Messagede Pïérô » 31 Mai 2015, 13:50

Mercredi 3 juin,

Grande fête
Pour l'abolition de la précarité dans l'Éducation nationale !


RDV à partir de 14h et pour tout l'après-midi devant le Rectorat de Paris,
(94 avenue Gambetta - M°Gambetta ou St-Fargeau)

AVS-AESH, EVS, AED, Profs contractuels, etc... La précarité dans l'Education nationale touche un grand nombre de personnes exerçant des fonctions différentes mais essentielles au bon fontionnement des établissements. Par delà les différences de nos fonctions, nous rencontrons tou.te.s des difficultés similaires : problèmes de paiement des salaires, de renouvellement des contrats, de harcèlement, de mépris du rectorat... Panacée tranquille de l'administration, et plus encore dans cette période d'austérité budgétaire, la précarité touche de plus en plus de monde, et tant pis pour les problèmes qu'elle créé dans les établissements et pour les personnes qui la subissent : manque de surveillants, d'AVS-AESH, non-renouvellement des personnels ayant acquis une expérience, salaires sous le seuil de pauvreté, etc.
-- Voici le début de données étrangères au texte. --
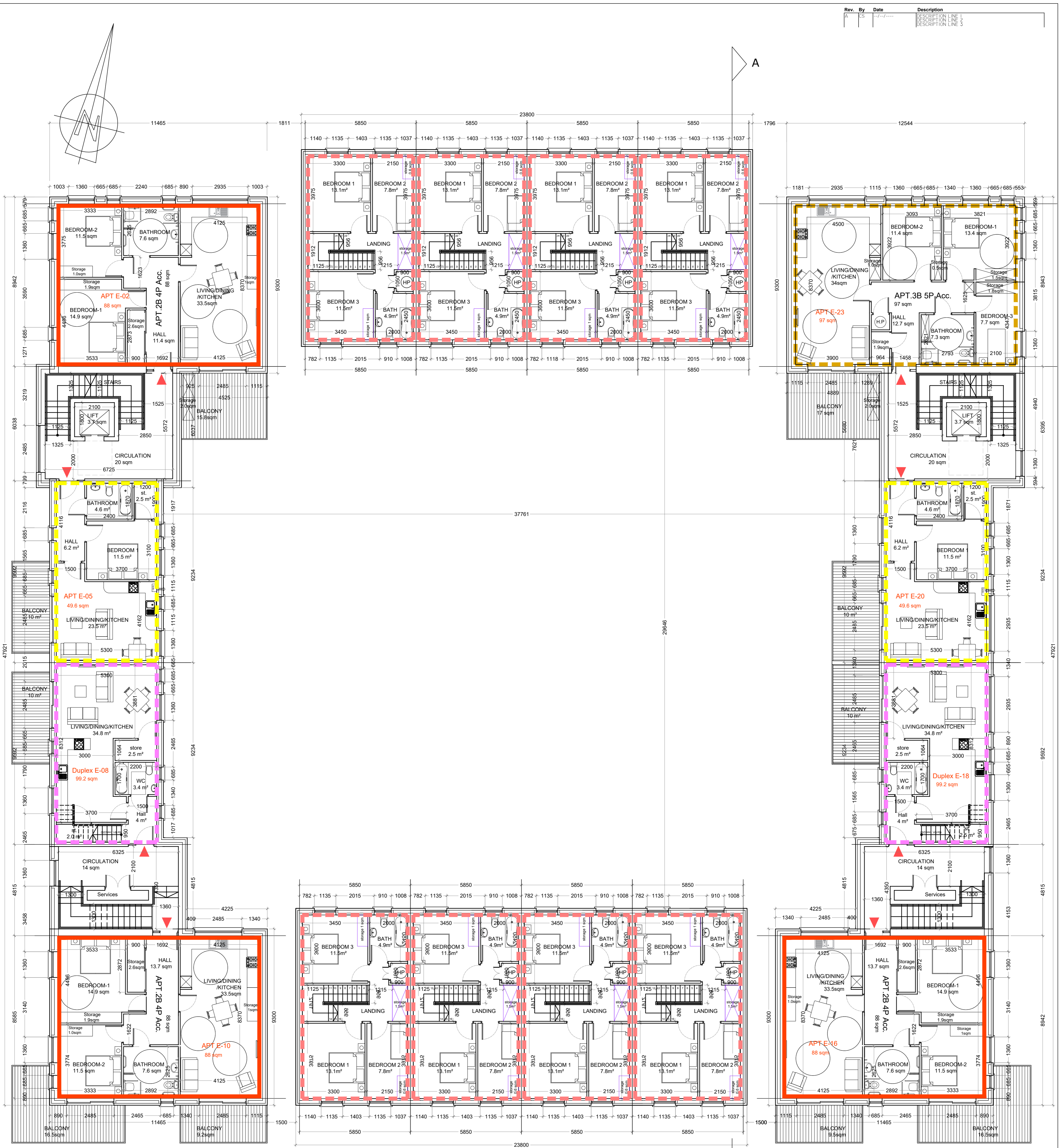
BLOCK E First Floor Plan Scale 1:100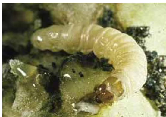
Photo 37. Sunflower bud moth larva.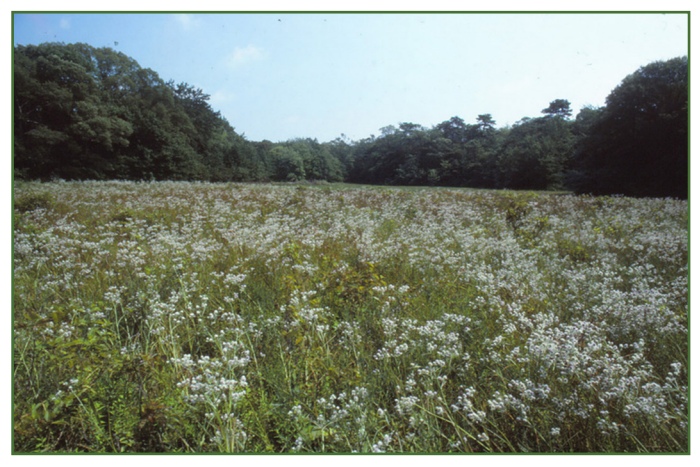
In the 1970s rattlesnake master filled the open fields at Bennett Bogs.

Much of the green did belong to grasses and sedges.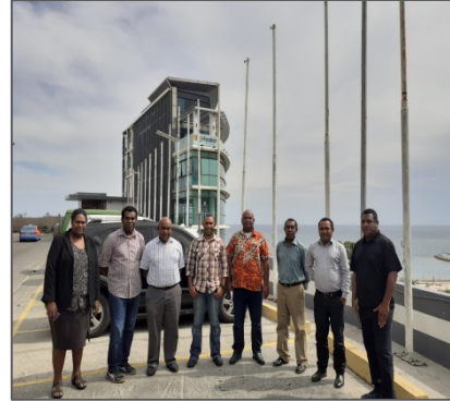
Tech team, Port Moresby, NCD, PNG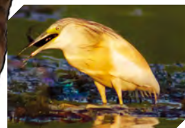
Bird Watching Excursions Nile River, Egypt Northern Sri Lanka

· Bahamas · Belize · Cayman Islands · Cocos Island, Costa Rica · Cuba · Dominican Republic · Galapagos · Indonesia · Maldives · · Nile River, Egypt · Palau · Philippines · Raja Ampat · Red Sea, Egypt · Roatán, Honduras · Sri Lanka · Thailand · Turks & Caicos ·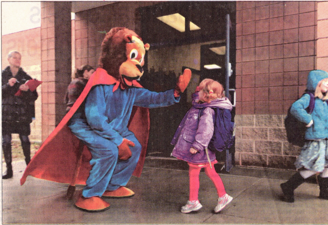
Above: Roary the Lion gives a student a high-five.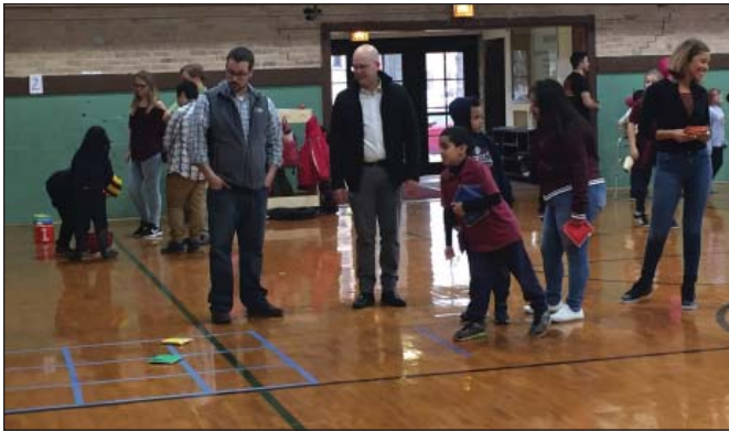
Adult mentors from Schurz High School's buildOn program joined their teen mentors at Carlson Community Services' after-school program for a carnival in April.

Carlson Community Services' Magic After-School Place (MAP) is brimming with activity and energy every afternoon. Fifty children from Murphy and Belding schools are enrolled in MAP, an after-school program which provides neighborhood working parents with affordable after-school care.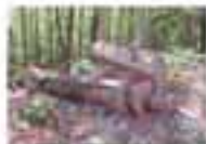
AT POST #8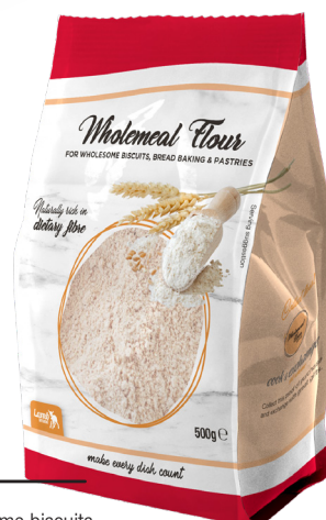
for wholesome biscuits, bread baking and pastries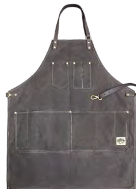
BARBER APRON ESTEL ALPHA HOMME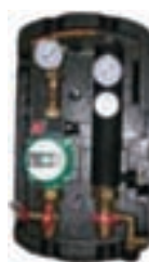
Details of the pump inner with gauges and valves

Tout en rendant difficiles les solidarités et les possibilités d'organisation et de luttes.

C'est pourquoi nous lançons aujourd'hui un appel à tou.te.s les personnel.le.s de l'Education nationale à nous rejoindre le 3 juin 2015 devant le rectorat pour une grande fête pour l'abolition de la précarité, et pour créer les possibilités d'un mouvement général des précaires de l'éducation !

Par ailleurs, une demande d'audience sera adressée au rectorat pour que nous soyons reçus le 3 juin afin de discuter des conditions de préparation de la rentrée 2015 pour les précaires.

Parce que le mépris doit cesser,
Parce que nous faisons face à des problèmes communs,
Et que ce sont nos luttes qui construisent nos droits,
AVS-AESH, AED, EVS, Enseignant.e.s,
Soyons nombreu.se.s le 3 juin pour faire sa fête à la précarité!

N'hésitez pas à apporter jus, gâteaux, apéros, jeux, instruments de musique... de quoi allier lutte et bonne humeur!